Reproduce only this stretch of the listing below: from the line with "日前,山東省泰安市市場(ch" through the line with "Ось пішла Попелюшка", exactly as written, with pictures excluded.
START LISTED ENTRIES
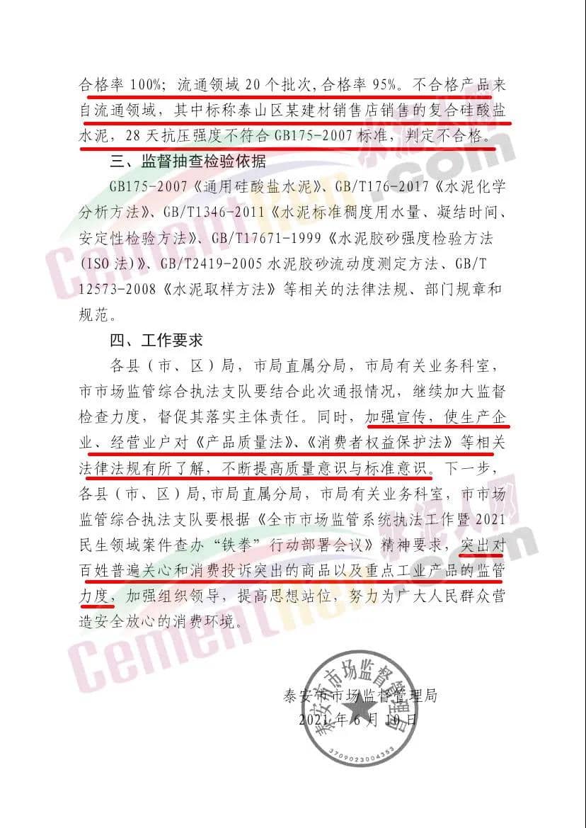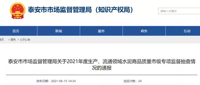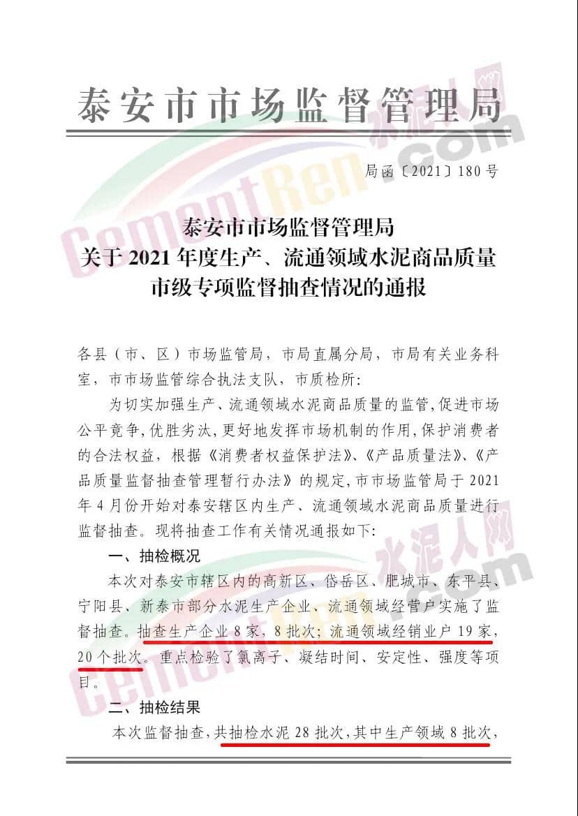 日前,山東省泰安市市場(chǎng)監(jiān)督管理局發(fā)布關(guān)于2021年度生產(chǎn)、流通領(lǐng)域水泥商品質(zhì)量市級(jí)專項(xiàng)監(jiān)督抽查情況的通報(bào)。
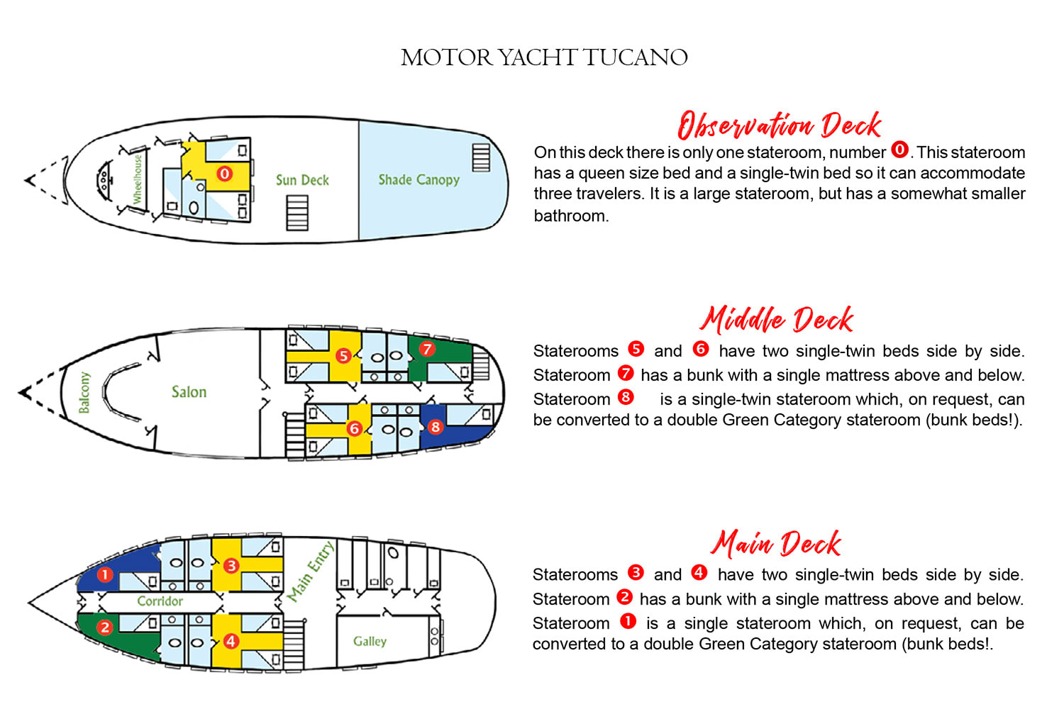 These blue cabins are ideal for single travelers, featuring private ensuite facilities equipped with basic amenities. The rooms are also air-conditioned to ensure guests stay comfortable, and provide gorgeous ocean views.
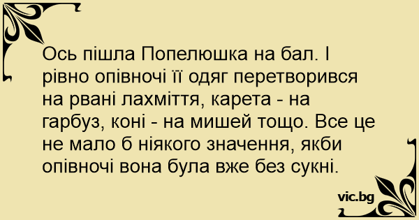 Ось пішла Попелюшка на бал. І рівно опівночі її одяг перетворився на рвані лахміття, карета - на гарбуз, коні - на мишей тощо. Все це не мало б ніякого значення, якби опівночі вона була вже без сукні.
END LISTED ENTRIES
START LISTED ENTRIES
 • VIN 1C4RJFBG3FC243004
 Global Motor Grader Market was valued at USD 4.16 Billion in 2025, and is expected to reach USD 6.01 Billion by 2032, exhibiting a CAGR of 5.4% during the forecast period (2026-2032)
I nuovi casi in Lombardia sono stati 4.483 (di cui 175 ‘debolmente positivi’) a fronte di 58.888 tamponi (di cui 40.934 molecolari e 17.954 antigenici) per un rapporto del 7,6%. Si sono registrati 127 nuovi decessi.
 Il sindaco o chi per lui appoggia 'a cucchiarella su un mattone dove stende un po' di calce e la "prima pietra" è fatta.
END LISTED ENTRIES
** ANSWER SECTION **
 日前,山東省泰安市市場(chǎng)監(jiān)督管理局發(fā)布關(guān)于2021年度生產(chǎn)、流通領(lǐng)域水泥商品質(zhì)量市級(jí)專項(xiàng)監(jiān)督抽查情況的通報(bào)。
 These blue cabins are ideal for single travelers, featuring private ensuite facilities equipped with basic amenities. The rooms are also air-conditioned to ensure guests stay comfortable, and provide gorgeous ocean views.
 Ось пішла Попелюшка на бал. І рівно опівночі її одяг перетворився на рвані лахміття, карета - на гарбуз, коні - на мишей тощо. Все це не мало б ніякого значення, якби опівночі вона була вже без сукні.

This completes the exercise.